There is also a big divide between statistical rigor in "science" research and "medical" research. In their defense, I think it's just extremely difficult for most medical research studies to get the kinds of random or N needed for reliable statistics.

Also regarding John Ioannidis's essay (not paper):

First, he uses the blanket term "research" in his meta-analysis (or at least examples) but his work seems focused primarily on medical research studies. Second, I'm not sure he clearly defines what it means to be "False", or for "most" published research to be "false".

Let's say there is clearly a right and a wrong answer to a question, and up until yesterday, publications A, B and C had concluded the wrong answer. But someone releases a newer, more rigorous finding D that refutes A, B and C conclusively and choses the correct answer. I wouldn't consider this particular field to be 75% wrong after the publication of D. (Though it accurately could have been described as close to 0% conclusive before D). For any particular line of inquiry, the quality of research in this area seems like it should be shifted strongly toward the maximum exemplar of this body of work, and not it's average.

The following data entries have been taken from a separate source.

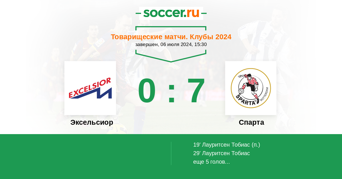 Протокол матча Эксельсиор против Спарта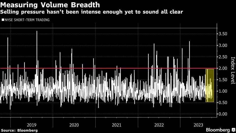 技术指标观察人士认为,当股价下跌得如此之快,以至于几乎没有进一步下跌的空间时,股市就处于超卖状态。但广度和成交量等技术信号需要进一步改善,才能确认最新一轮市场阵痛已经过去。标普500指数成份股中约有35%的股票交易价格高于200日移动均线。Oppenheimer高级分析师Ari Wald指出,通常情况下,这一数字需要降到20%以下,交易员才会认为股市已经投降。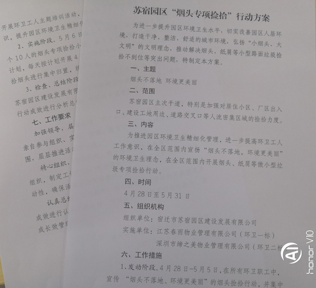 為了確?!盁燁^專項撿拾”行動順利開展,公司結合園區(qū)實際,精心籌劃,制定了《蘇宿園區(qū)“煙頭專項撿拾”行動方案》。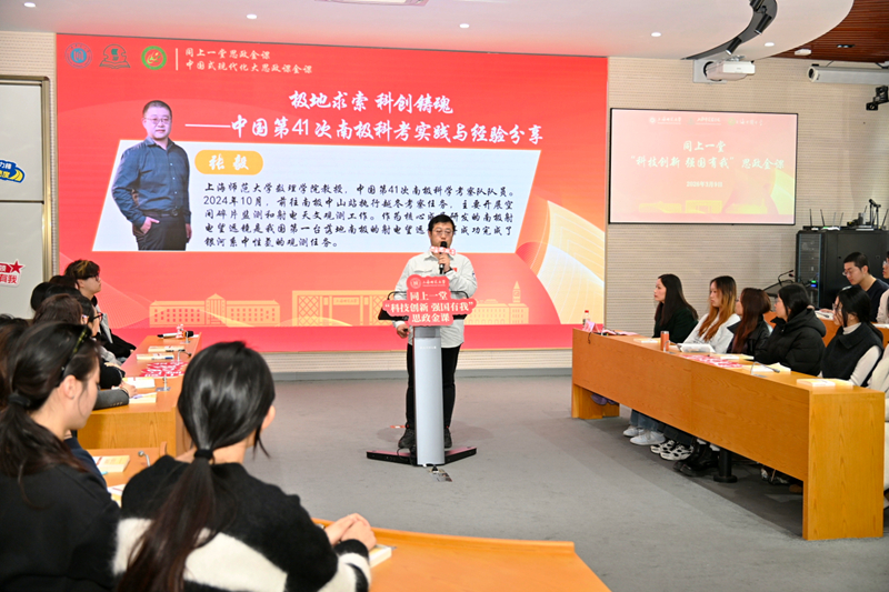 3月9日,学校在徐汇校区第六教学楼108报告厅举行以“科技创新 强国有我 为实现高水平科技自立自强贡献青春力量”为主题的大中小学“同上一堂‘科技创新 强国有我’思政课”。校党委书记林在勇,中国第41次南极考察队队员、学校数理学院教授张毅,马克思主义学院思政教师徐蓓,上海市实验学校道法课教师胡尔姝,上海市中国中学高中政治课教师兰银飞围绕“科技创新 强国有我 为实现高水平科技自立自强贡献青春力量”主题,共同为大中小学生授课。校党委副书记、副校长赵扬,校党委宣传部、马克思主义学院及上海市实验学校、上海市中国中学等负责人参加。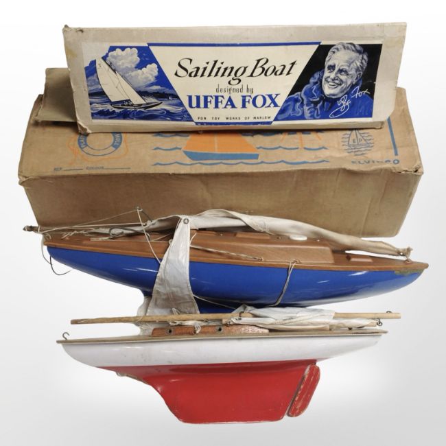 Two model pond yachts, one in original box.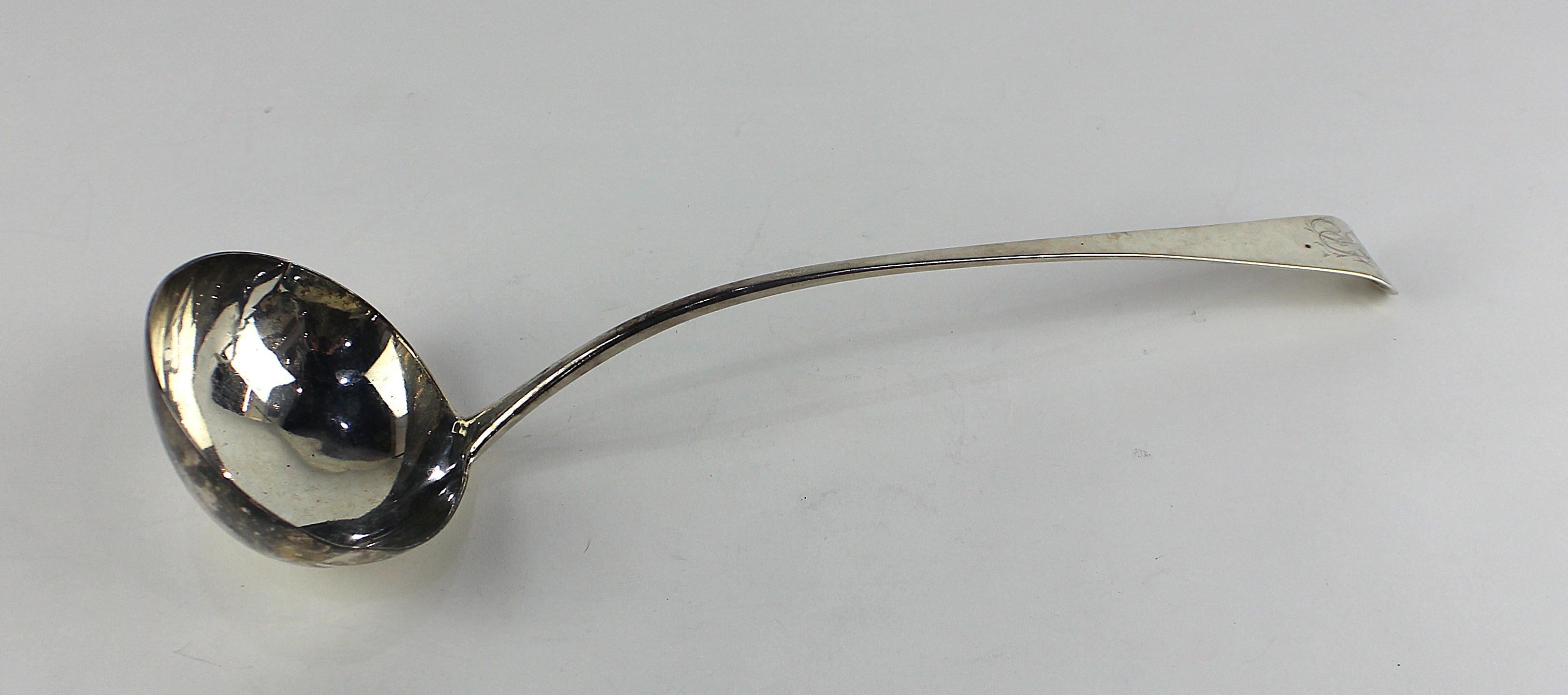 A George III silver ladle, possibly William Sumner, London, 1804 or 1805, monogrammed, length 33cm (AF) 5.7oz

"a majority of science publications are wrong"

As a scientist, I think this is probably correct. In my experience, a great majority of publications draw improper statistical conclusions, and I believe many of these are wrong in substance.

"What if the broad strokes are right but the statistics are sloppy?"

Publishing statements as statements of truth when they are improperly or falsely backed up would be better described as politics than science.


I take the view that "a majority of science publications are wrong" is a purposefully misleading and sensationalistic take, even though it may be technically true. IMO, only the leading-edge of known science should factor into such studies, and I think that is probably not "mostly wrong". After all, even if there has only been 1 rock-solid publication in favor of a round Earth that is preceded by 99 publications in support of a flat-Earth, I would't call that field 99% wrong.


If, say, you find that your results are not statistically sigificant at a reasonable p-level, you don't get to claim your conclusion is right in 'broad strokes', maybe has some 'significant errors', a bit 'sloppy statistics', but it's broadly true, right?

Nope, instead it's not statistically significant, so there's no reason to think it wasn't just random chance that made it 'close' to statistically significant.

But if your results are statistically validated, but only because you used statistics incorrectly, you've crossed the line to broadly-true-but-with-sloppiness?

Nope.

There is room for qualitative research. I like qualitative research. But qualitative research has, righty, a different sort of impact.

If you are claiming your research is quantitative, then you need to live and die by good statistics. That's the implicit promise of providing the statistics in the first place, otherwise why do statistical calculations at all?


What if someone claims their p=0.05 but their control group wasn't quite as representative as they assumed and their p is really something more like 0.1?

Or what if one of the experiments in a paper is well-designed and well-executed and supports a hypothesis with very high certainty but some of the other experiments were sloppy or botched? Should the conclusions of the entire paper be labeled as "wrong"?

I find it pretty funny when critiques on statistical rigor in science arrive at language with words such as "mostly" and "wrong".


That said, I think the recent spate of "a majority of science publications are wrong" stories is incredible hyperbole. Is it the raw data that is wrong (fabricated)?

This is only a good working assumption of some (open access) journals and of papers (co-)authored exclusively by nationals of some countries. That's a lot of papers.

The main conclusions? One or two minor side points? What if the broad strokes are right but the statistics are sloppy?

If the main conclusions are right but the statistics are sloppy the paper is true, not false.

My confidence in what Ioannidis published went up significantly on learning that epidemiology is mostly bullshit[0] and "Bayer halts nearly two-thirds of its target-validation projects because in-house experimental findings fail to match up with published literature claims, finds a first-of-a-kind analysis on data irreproducibility."[1]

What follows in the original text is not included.